Por principio de cuentas, la matanza perpetrada en esa localidad, en el marco de la disputa por la presidencia municipal entre ambos grupos priístas, constituyó una terrible confirmación del grado de descomposición en el que se encuentran diversos sectores del aparato corporativo del tricolor y de los niveles delictivos a que han llegado. Por extensión, el hecho puso en evidencia los corruptos mecanismos de cooptación de los que históricamente se ha valido el partido derrotado el 2 de julio para uncir el sufragio ciudadano a su logotipo y para implantar redes clientelares regionales de complicidad que por décadas sirvieron como sucedáneo de una verdadera gobernabilidad.

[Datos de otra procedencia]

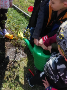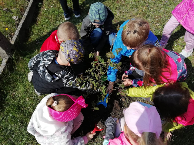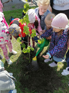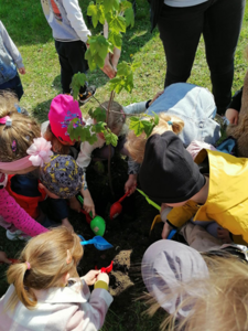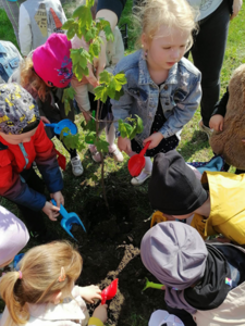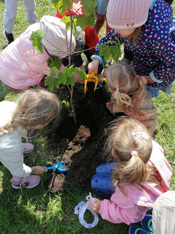 24 kwietnia podczas obchodów Dnia Ziemi przedszkolaki wysłuchały opowiadania o naszej planecie, tańczyły do piosenki pt. ,,Leśne duszki”, zastanawiały się co dobrego możemy zrobić dla naszej planety? W tym dniu dzieci poznawały zasady, których należy przestrzegać, aby chronić środowisko naturalne, uczyły się poprawnego segregowania śmieci, wysłuchały inscenizacji wiersza pt. ,,Sznurek Jurka” L. Szołdry oraz poznały trudne słowo recykling♻️. Zwieńczeniem naszego Dnia Ziemi było zasadzenie drzewka klonu w naszym ogrodzie przedszkolnym. Wszystkie te działania miały na celu podkreślenie, jak ważne jest nasze zaangażowanie w działania na rzecz ochrony naszej planety oraz rozbudzenie w dzieciach potrzeby dbania o naturę.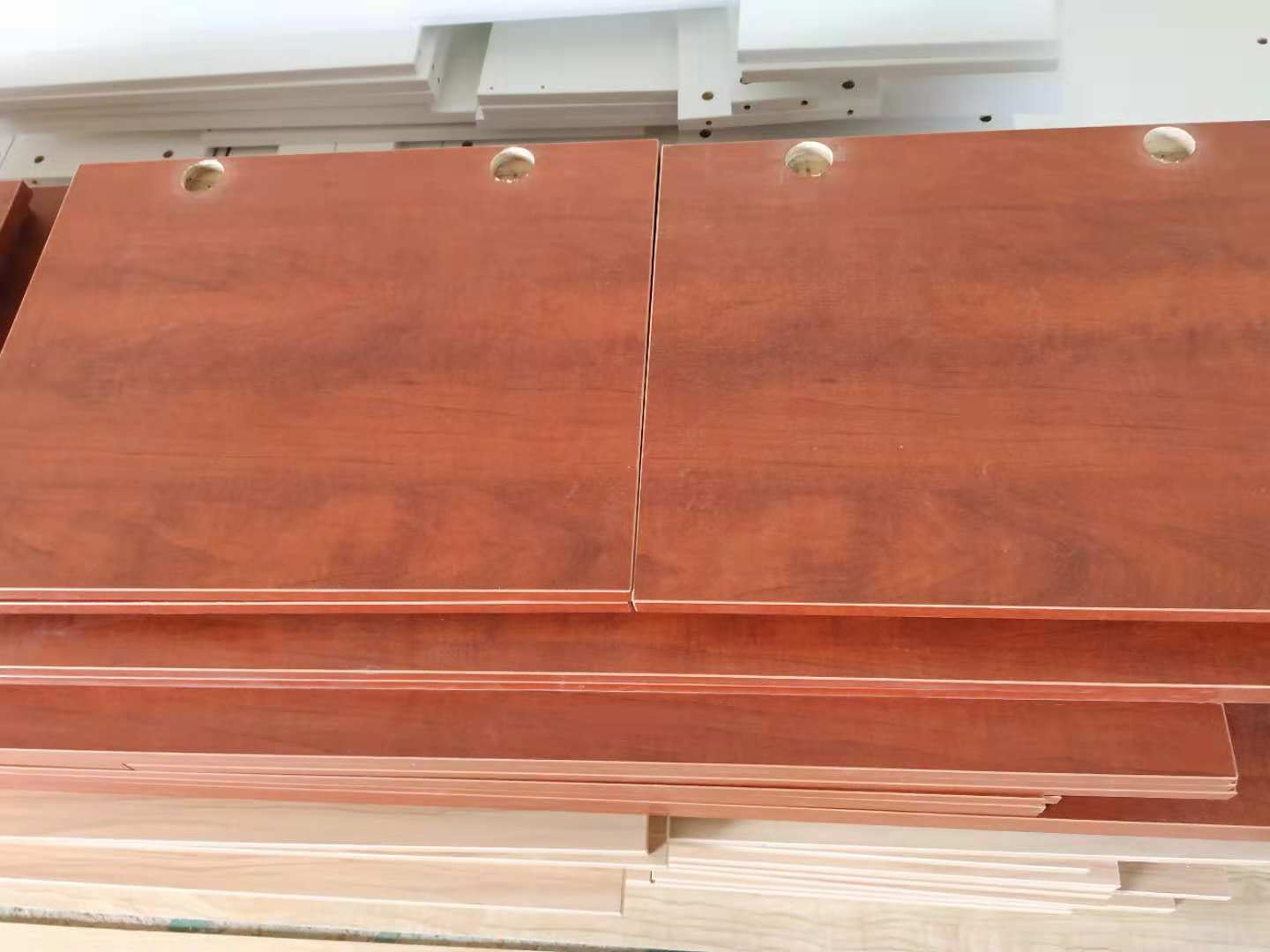 開始制作啦,衣柜板材打孔中,板材使用平安樹淺蘋果木色實木多層板制作,大孔是安裝鉸鏈用的。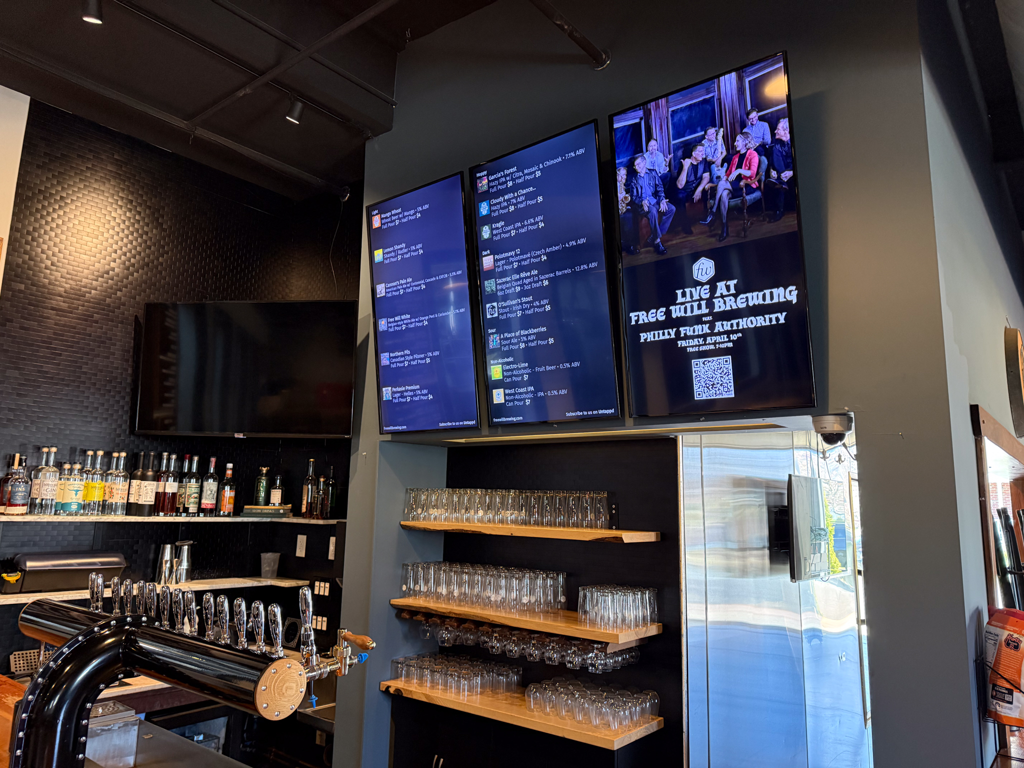 Free Will is one of those spots that strikes a nice balance between polished and laid-back. It feels modern without being cold, and even when it’s busy, there’s usually enough room to find a spot and settle in. The space is elevated by custom ash tables crafted by the owner, adding a subtle, personal touch that sets it apart from your typical taproom.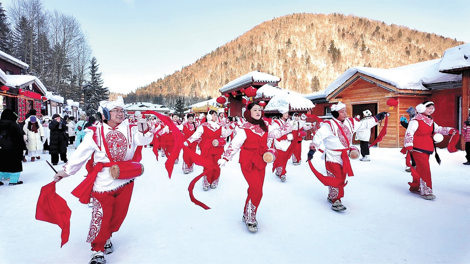 雪韵大街上,舞狮、踩高跷、大花轿、安塞腰鼓、东北大秧歌轮番上演,火红绸带与白雪相映成趣。夜间的雪地蹦迪、烟花秀、激光秀更是点燃了冬日激情。爱心驿站、免费行李托运、“有事找我”等贴心服务,让游客在赏雪乐雪之余倍感雪乡温暖。 (王天驰)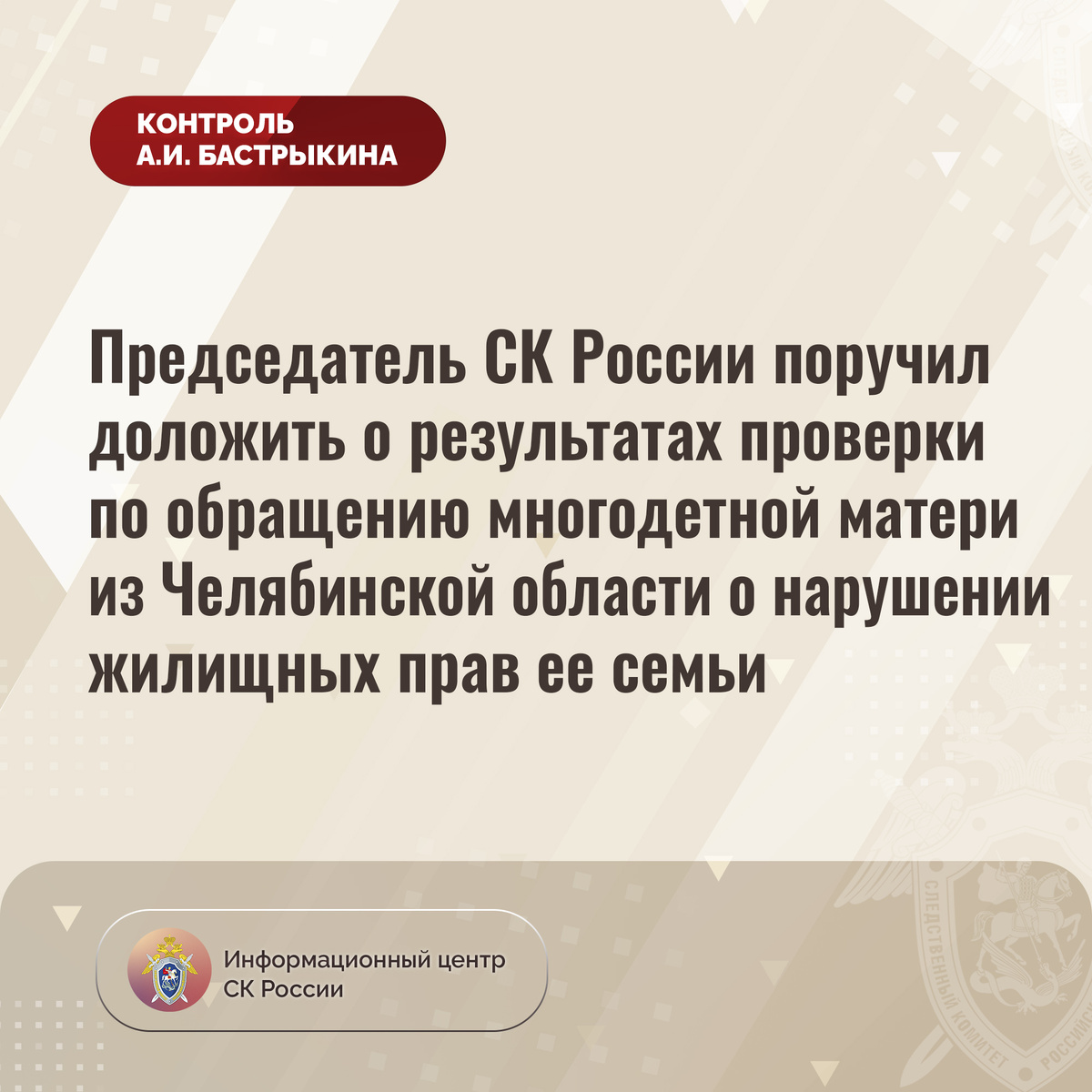 Председатель СК России поручил доложить о результатах проверки по обращению многодетной матери из Челябинской области о нарушении жилищных прав ее семьи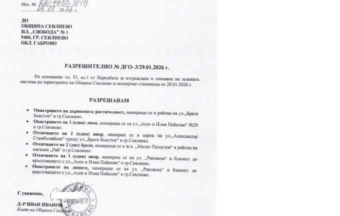 Разрешителното, въз основа на което две брези в ж.к. "Митко Палаузов" бяха отсечени, защото пречеха на нов тротоар, е подписано от кмета на община Севлиево Иван Иванов.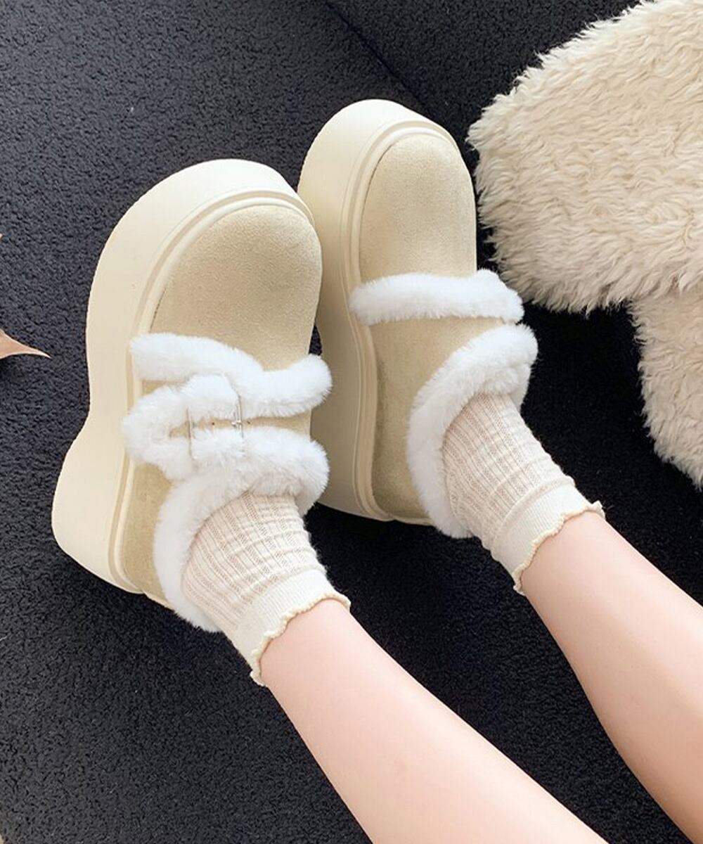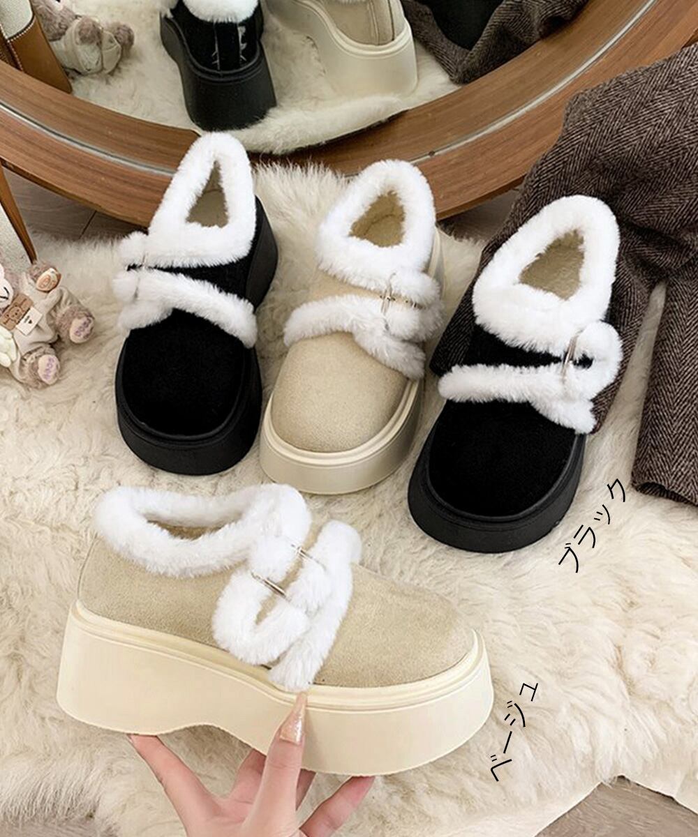 【日本倉庫即納】 もこもこファー厚底ムートンシューズ裏起毛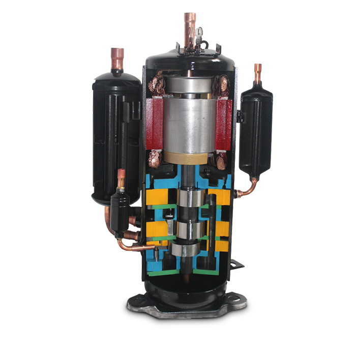 三缸雙級變?nèi)莘e比壓縮機可實現(xiàn)兩 種不同容積比的雙級壓縮,可降低單個氣缸的壓縮比,減小了 泄漏量,提高了壓縮機的容積效率,與單級壓縮系統(tǒng)相比,雙 級增焓壓縮系統(tǒng)具有能力高、能效高和可靠性高的優(yōu)勢,使用 在家用熱泵空調(diào)、多聯(lián)式熱泵空調(diào)、戶用冷水熱泵機組等多種 類型的熱泵產(chǎn)品中。
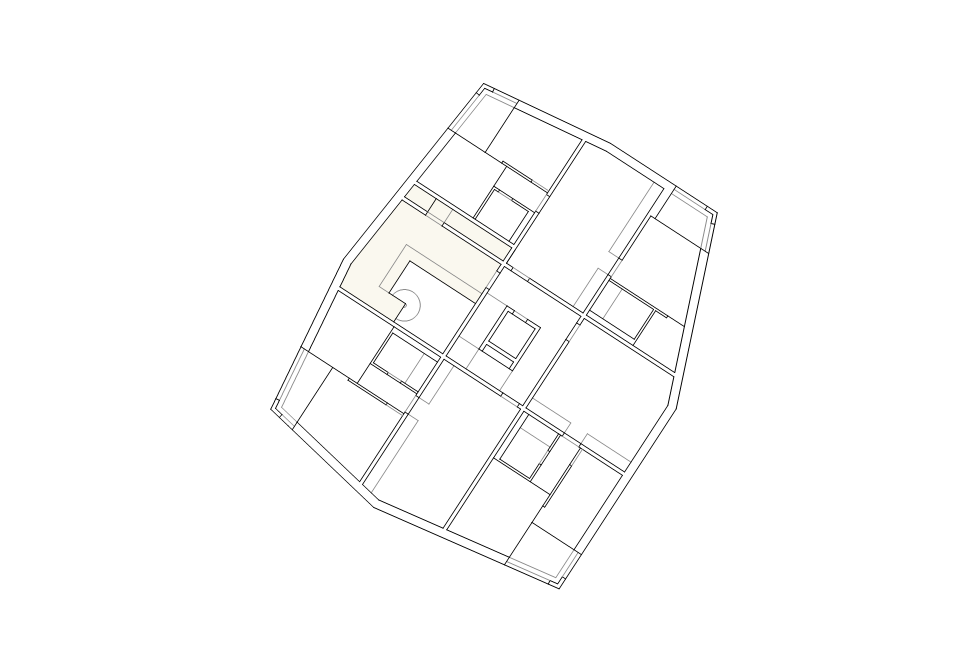 Le nouvel immeuble d’habitation forme la tête d’îlot et achève le système du tissu bâti. Il transporte la lecture des bâtis historiques dans le présent et fonctionne tel un pivot entre l’îlot patrimonial et les barres modernistes. Sa compacité et simplicité volumétrique permettent d’offrir à la coopérative d’habitation un immeuble de qualité, tout en garantissant un budget d’investissement abordable.

Adicionalmente, el trágico suceso ha sido indicativo de los peligros de desestabilización que entraña, en el actual escenario de transición y sucesión presidencial, la persistencia de cacicazgos como el de La Loba y de grupos de presión y de choque como Antorcha Campesina. Es claro que este escenario ha generado el dislocamiento de la disciplina en los numerosos ramales del sistema político, otrora férrea, así como indicios de desbandada en diversos ámbitos de la todavía enorme organización priísta. Ciertamente, tales tendencias fueron un factor de peso en el desbordamiento de un conflicto local por demás añejo entre ambas facciones.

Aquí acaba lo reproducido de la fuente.